Definition of “regularly employed”
Interestingly, the drivers had been found to be independent contractors in prior decisions relating to employment standards, income tax, and workers’ compensation. That didn’t stop the Ontario appeal court.
The court considered the interpretation of the phrase “regularly employed.” “Employer” is defined in the Act as a “person who employs one or more workers or contracts for the services of one or more workers and includes a contractor or subcontractor who performs work or supplies services.”
The court said that, “As UIOL is an employer of the truck drivers, within the meaning of the OHSA, it stands to reason that the truck drivers are employed by it.” Further, the dictionary definition of “regular,” being normal or customary, and the fact that UIOL customarily had between 30 and 140 drivers, helped lead to the conclusion that it “regularly employed” the truck drivers.

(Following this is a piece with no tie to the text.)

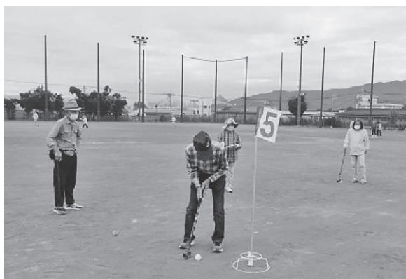
グラウンドゴルフ大会の様子

Also key in the decision was the so-called contextual analysis and purpose of the OHSA. When these words are uttered, employers should generally brace for impact. It was observed that a narrow interpretation of the term “regularly employed” would limit or interfere with the broad purpose of the OHSA as a remedial public welfare statute designed to guarantee a minimum level of health and safety protection for workers in Ontario.
The court found that the independent truck drivers must be counted when determining whether the employer had the obligation to create a joint health and safety committee.
Alberta taxi cases
The Alberta Labour Relations Board recently considered a series of union applications for certification by independent taxi drivers in Alberta cities. The reasoning in Miscellaneous Employees, Teamsters, Local Union No. 987 of Alberta v. 1093507 Alberta Ltd. o/a Access Taxi is mirrored in the other three decisions, Sun Taxi, United Class Cabs, and Barrel Taxi.
Definition of employee
Under the Alberta Labour Relations Code, “employee” is defined to mean a person employed to do work who is in receipt of or entitled to wages. Unlike some other provinces, the definition doesn’t expressly include dependent contractors. However, the Board found that the question of economic dependence is still relevant. The narrower definition doesn’t preclude dependent contractors from being treated as employees under the Code.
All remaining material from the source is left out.